The Last Days of the Romanovs: Tragedy a ...

The Last Days of the Romanovs: Tragedy at Ekaterinburg book review

May 01, 2020

On the sweltering summer night of July 16, 1918, in the Siberian city of Ekaterinburg, a group of assassins led an unsuspecting Tsar Nicholas II of Russia, his wife, the Tsarina Alexandra, the desperately ill Tsarevich, and their four beautiful daughters, Olga, Tatiana, Maria, and Anastasia, into a basement room where they were shot and then bayoneted to death.

This is the story of those murders, which ended three hundred years of Romanov rule and set their stamp on an era of state-orchestrated terror and brutal repression.
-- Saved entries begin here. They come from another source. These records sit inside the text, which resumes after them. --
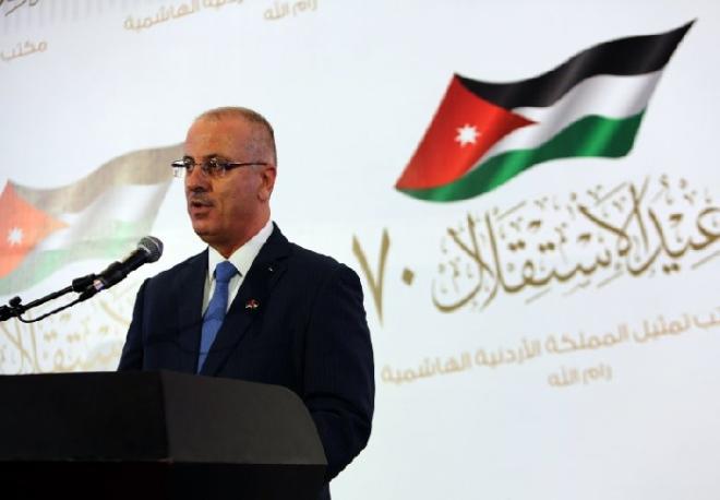 واضاف رئيس الوزراء: "إنه لشرف كبير لي أن أشارككم اليوم إحيائكم للذكرى السبعين لاستقلال المملكة الأردنية الهاشمية والذكرى المئوية لإنطلاق الثورة العربية الكبرى، وأن أرفع، نيابة عن فخامة الرئيس الأخ محمود عباس وأبناء شعبنا الفلسطيني، إلى صاحب الجلالة الملك عبدالله الثاني والشعب الأردني الشقيق والعزيز، أسمى آيات التهنئة والتبريك، سائلين الله عز وجل أن يعيد هذه المناسبة الوطنية العزيزة، والأردن يواصل مسيرة التطور والتقدم والنمو".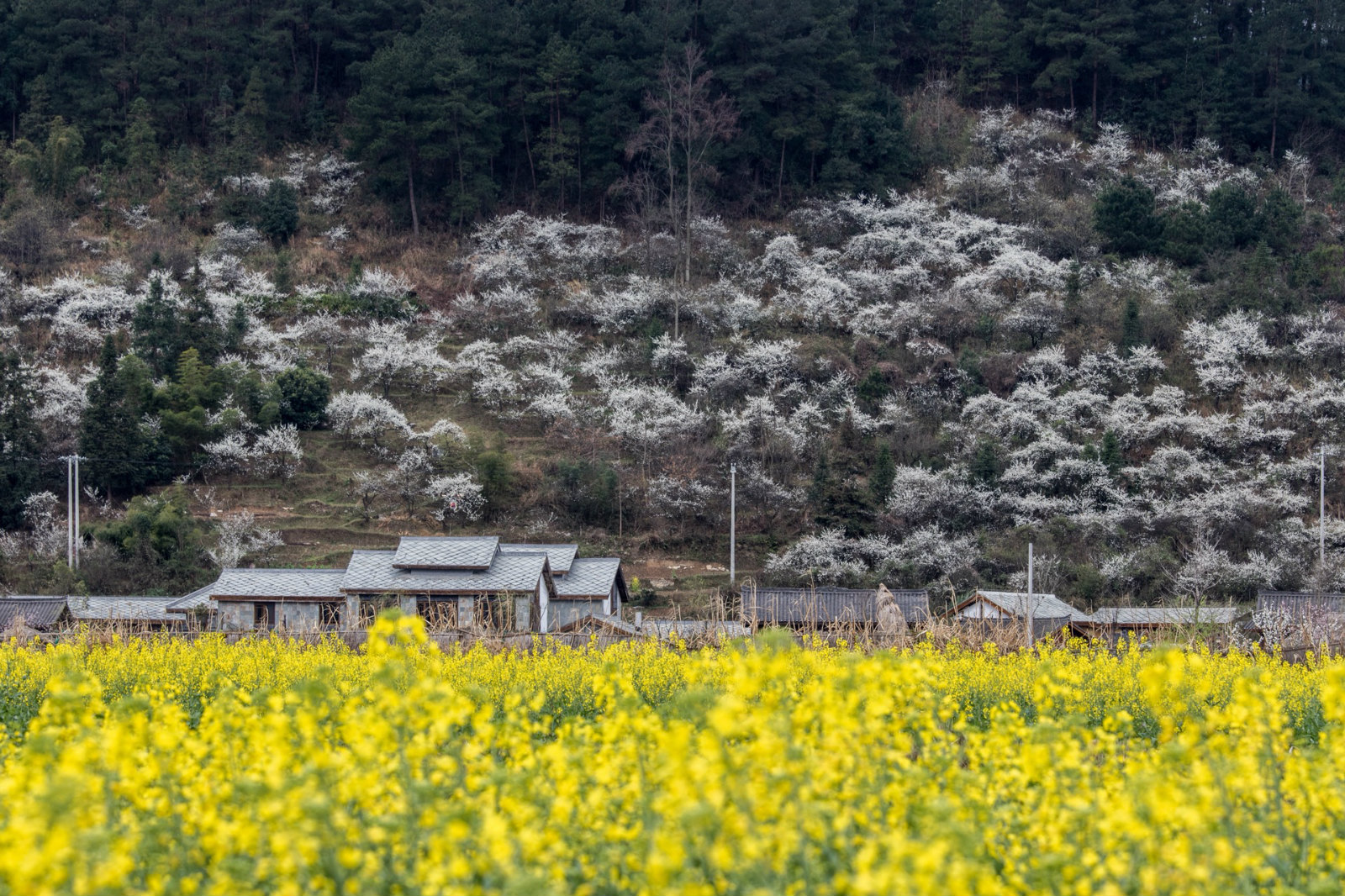 金海雪山景区主要以郁金香、风信子、冰岛虞美人等几十余种鲜花形成的花海组成,没到春天,万亩金黄的油菜花好似金海,千顷雪白的李花、梨花就像雪山,交相辉映,如“金海雪山”,景区内的音寨村是有着600多年历史的布依族村寨,被称为“中华布依第一寨”。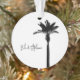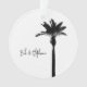 Silhouette de palmier en noir sur blanc arrière - plan avec nom et nom personnalisés en noir, motif sur le dos. Facile à personnaliser le texte, la couleur du texte, la police. Idéal pour toute occasion spéciale, vacances tropicales, souvenir de voyage, thème de la plage, fête d'anniversaire, ornement d'anniversaire, ambiance côtière. Moderne, Chic, Amusant. Mélanger et faire correspondre toute la collection Palm Tree par TMCdesigns.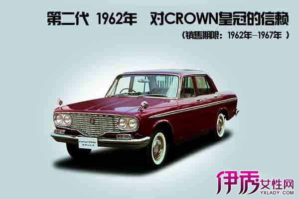 1962年上市的第二代,在第一代的基础上底盘和外观方面的尺寸被放大,但是其整体结构形式是没有太大变化的,仍使用着承载式的底盘设计,而该设计一直延续至后来第九代时才被替换下来。初期被称为“泪目”的尾灯和以丰田的第一个字母“T”为主题的硬铝制前脸设计是主要特征。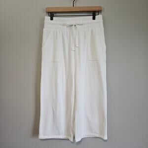 Notes: White cropped wide-leg lounge pants with drawstring waist, elastic waistband, and front patch pockets. Lightweight, comfy, and versatile. See photos.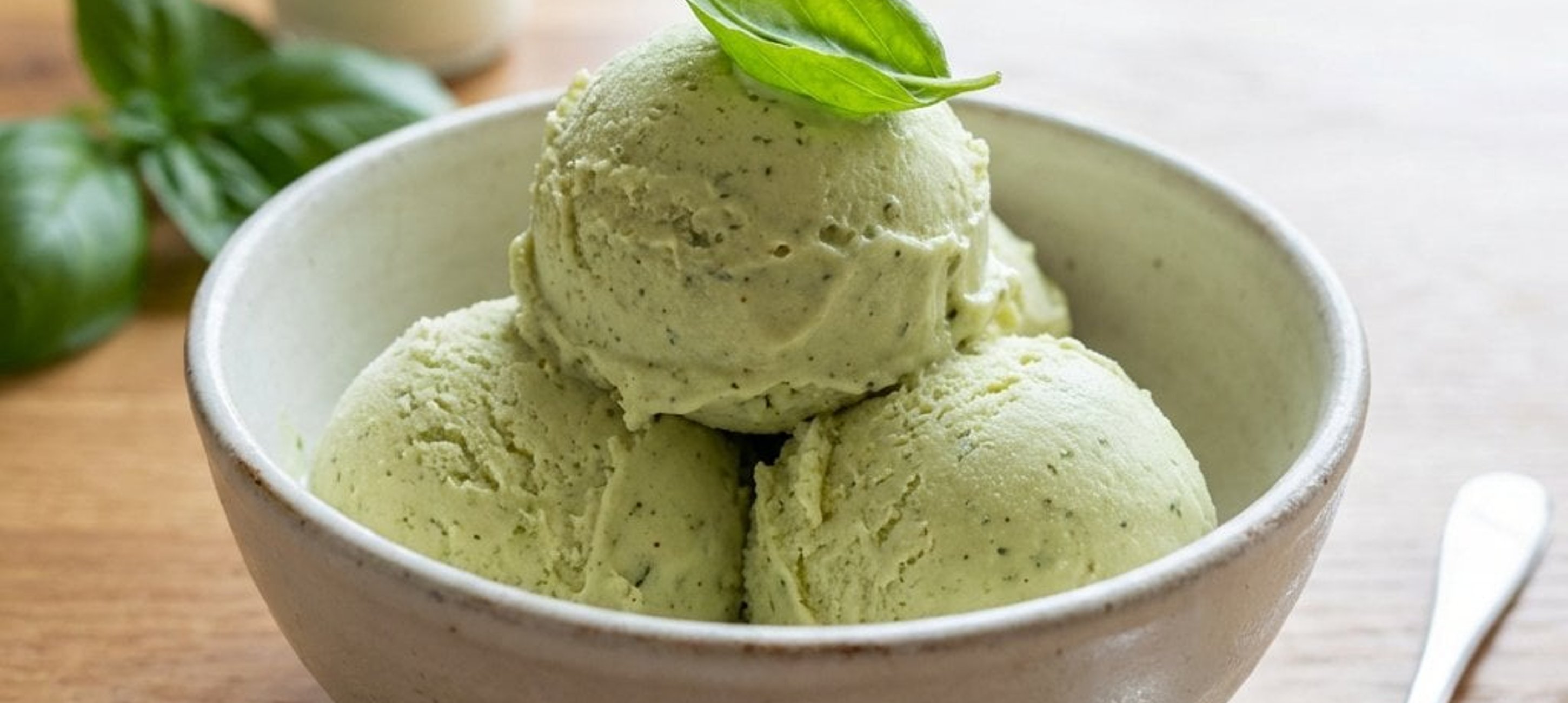 - 3Schlagen Sie das Schlagobers steif und heben Sie die Basilikum-Mischung vorsichtig unter. Füllen Sie die Masse in einen gefrierfesten Behälter und stellen Sie diesen für mindestens 4 Stunden, am besten über Nacht, in den Gefrierschrank, bis das Eis fest geworden ist.

The Last Days of the Romanovs counts down to the last, tense hours of the family’s lives, stripping away the over-romanticized versions of previous accounts. The story focuses on the family inside the Ipatiev House, capturing the oppressive atmosphere and the dynamics of a group—the Romanovs, their servants, and guards—thrown together by extraordinary events.

Marshaling overlooked evidence from key witnesses such as the British consul to Ekaterinburg, Sir Thomas Preston, American and British travelers in Siberia, and the now-forgotten American journalist Herman Bernstein, Helen Rappaport gives a brilliant account of the political forces swirling through the remote Urals town. She conveys the tension of the watching world: the Kaiser of Germany and George V, King of England—both, like Alexandra, grandchildren of Queen Victoria—their nations locked in combat as the First World War drew to its bitter end. And she draws on recent releases from the Russian archives to challenge the view that the deaths were a unilateral act by a maverick group of the Ekaterinburg Bolsheviks, identifying a chain of command that stretches directly, she believes, to Moscow—and to Lenin himself.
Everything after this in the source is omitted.